The Supreme Court actually ordered California to release prisoners because California prisons are 40% overcrowded. But the federal system is 39% overcrowded, and there has been no similar order for the federal system. Overcrowding leads to disease and violence and is not what the founding fathers intended.

KK: Do you think solitary confinement constitutes torture?

JK: I do think it constitutes torture. There are cases around the country, and there is one that's especially egregious, in Angola state penitentiary in Louisiana, where a man's been in solitary for something like 44 years.

KK: How would you say prison accountability compares with that of the CIA?
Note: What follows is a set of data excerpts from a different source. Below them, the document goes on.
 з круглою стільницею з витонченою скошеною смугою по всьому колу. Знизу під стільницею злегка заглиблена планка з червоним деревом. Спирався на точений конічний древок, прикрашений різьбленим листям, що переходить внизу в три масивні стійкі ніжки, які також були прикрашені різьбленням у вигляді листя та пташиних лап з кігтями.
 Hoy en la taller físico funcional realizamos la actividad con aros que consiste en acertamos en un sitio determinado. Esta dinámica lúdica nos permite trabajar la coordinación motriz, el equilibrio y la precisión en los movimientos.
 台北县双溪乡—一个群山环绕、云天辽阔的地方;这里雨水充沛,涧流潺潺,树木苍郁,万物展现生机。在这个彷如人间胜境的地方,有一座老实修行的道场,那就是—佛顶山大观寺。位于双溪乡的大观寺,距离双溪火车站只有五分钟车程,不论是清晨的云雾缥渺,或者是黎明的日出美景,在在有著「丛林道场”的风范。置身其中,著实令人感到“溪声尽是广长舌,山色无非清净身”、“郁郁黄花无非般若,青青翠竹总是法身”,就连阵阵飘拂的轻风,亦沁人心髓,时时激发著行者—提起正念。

JK: I think it's very similar, as a matter of fact, because we rely on the oversight committees in Congress to keep federal agencies and departments in line. In fact, most of the members of the intelligence committees in the House and the Senate are really nothing more than cheerleaders for the CIA. We see the same thing with the judiciary committee in the House and the Senate. There's no oversight of the Bureau of Prisons.
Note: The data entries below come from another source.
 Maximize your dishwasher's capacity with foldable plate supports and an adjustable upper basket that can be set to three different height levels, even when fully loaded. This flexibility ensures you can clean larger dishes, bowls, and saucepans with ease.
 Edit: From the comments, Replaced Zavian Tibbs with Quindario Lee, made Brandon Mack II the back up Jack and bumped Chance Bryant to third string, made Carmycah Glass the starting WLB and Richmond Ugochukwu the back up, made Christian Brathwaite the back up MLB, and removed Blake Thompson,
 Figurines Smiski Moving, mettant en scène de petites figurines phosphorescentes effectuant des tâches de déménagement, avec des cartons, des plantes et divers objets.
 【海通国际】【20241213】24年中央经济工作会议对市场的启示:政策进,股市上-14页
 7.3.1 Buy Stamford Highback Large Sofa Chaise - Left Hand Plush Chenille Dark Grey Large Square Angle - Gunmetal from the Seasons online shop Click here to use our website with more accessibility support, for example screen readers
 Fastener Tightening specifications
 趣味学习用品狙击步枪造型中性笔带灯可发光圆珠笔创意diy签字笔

I'll give you another example of the lack of oversight. When I was in prison, the Supreme Court ruled on a case -- it was an overcrowding case related to the state of California. California is 40% overcrowded and the Supreme Court ordered them to begin releasing prisoners to deal with the overcrowding -- 40%.
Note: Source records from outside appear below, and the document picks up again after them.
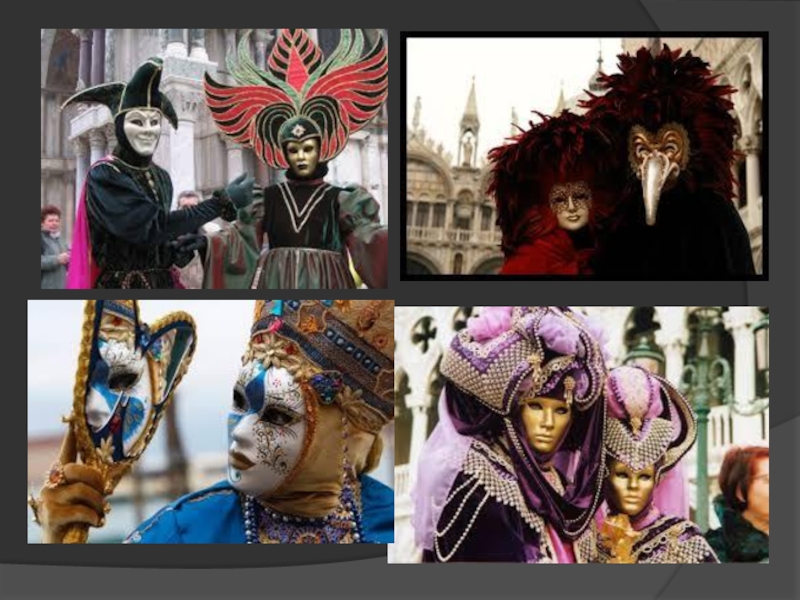 Каждый год в Венеции на площади Сан – Марко проходит карнавал. Главными атрибутами карнавала стали
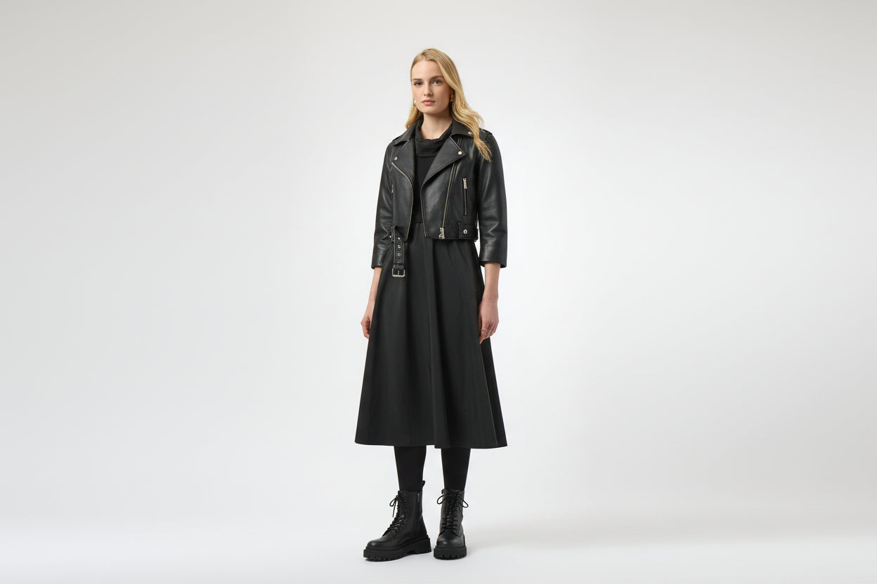 Elegante abito donna che unisce sofisticatezza e comfort. Il corpetto in jersey effetto seta offre una base raffinata, mentre il collo in tessuto memory si adatta perfettamente al vostro corpo, impreziosito da una broche che aggiunge un tocco di distinzione. La gonna arricciata, che scende dalla vita fino al polpaccio, crea una silhouette fluida e femminile. Le maniche 3/4 completano il design con eleganza senza tempo. Perfetto per occasioni speciali o per chi ricerca un capo versatile dal taglio impeccabile.
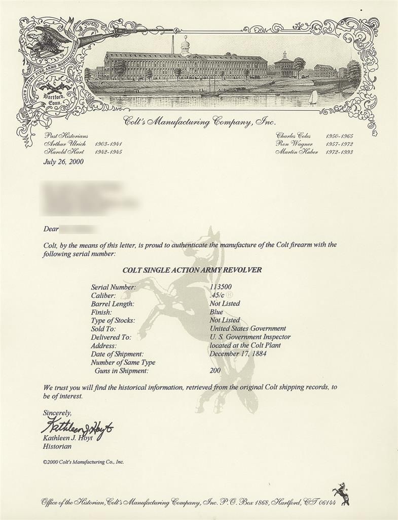 Manufactured in 1884. The factory letter states it is a 45 caliber, barrel length is not listed, it is blue, the type of stocks are not listed, that it was purchased by the United States Government and that it was shipped to the U.S. Government Inspector at the Colt plant on December 17th, 1884.
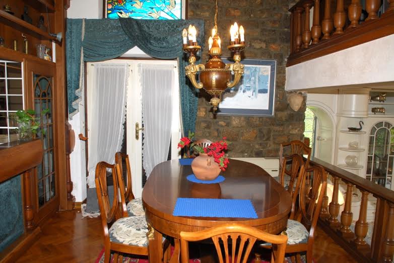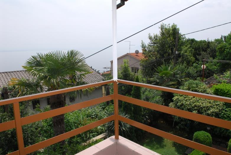 На первом этаже расположены корридор, кухня, гостинная с камином и центральным отоплением плюс комната площадью 42 - 48 квадратных метров. Во дворе находится камин-грилью На втором этаже расположены 3 спальных комнаты, ванная комната и туалет. В доме есть террасы с которых открывается прекрасный вид на Кварнер. Ухоженный двор площадью 620 квадратных метров. Отдельно расположенная квартира-студия для прислуги площадью 30 квадратных метров. Открытый гараж для двух автомобилей. Мебель выполнена итальянскими мастерами на заказ.
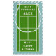 Funny tennis gift bag featuring court design and personalised line. To personalise edit text to add his or her name.
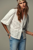 Блузка из мягкой вискозной ткани свободного силуэта со спущенной линией плеча. Полочка цельная, спинка с центральным швом. Горловина V-образной формы. Низ блузки и низ цельнокроенного рукава обработаны декоративным трикотажным довязом.
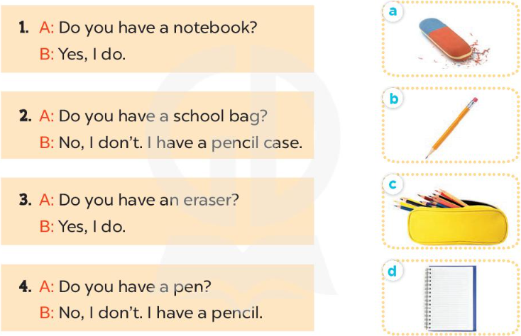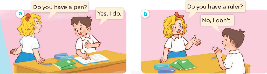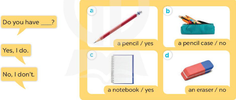 b. Do you have a pencil case? – No, I don’t. (Bạn có hộp bút không? – Không, tôi không có.)

The federal prison system is 39% overcrowded. There are people sleeping on bunks in hallways, in game rooms, in TV rooms -- anywhere they can stuff somebody. I was in a four-man cell that we had six people in. The unit above me had four-man cells that had eight people jammed into them.

As a result, you're constantly passing around diseases and sicknesses. Also, it's bad for violence: When you're living on top of each other like that, you tend to get a short temper about things. It leads to fights and violence. Not just prisoner on prisoner, but potentially prisoner on staff.

Where's Congress in that debate? Why isn't there any oversight related to overcrowding? It's inexcusable and nobody's doing anything about it.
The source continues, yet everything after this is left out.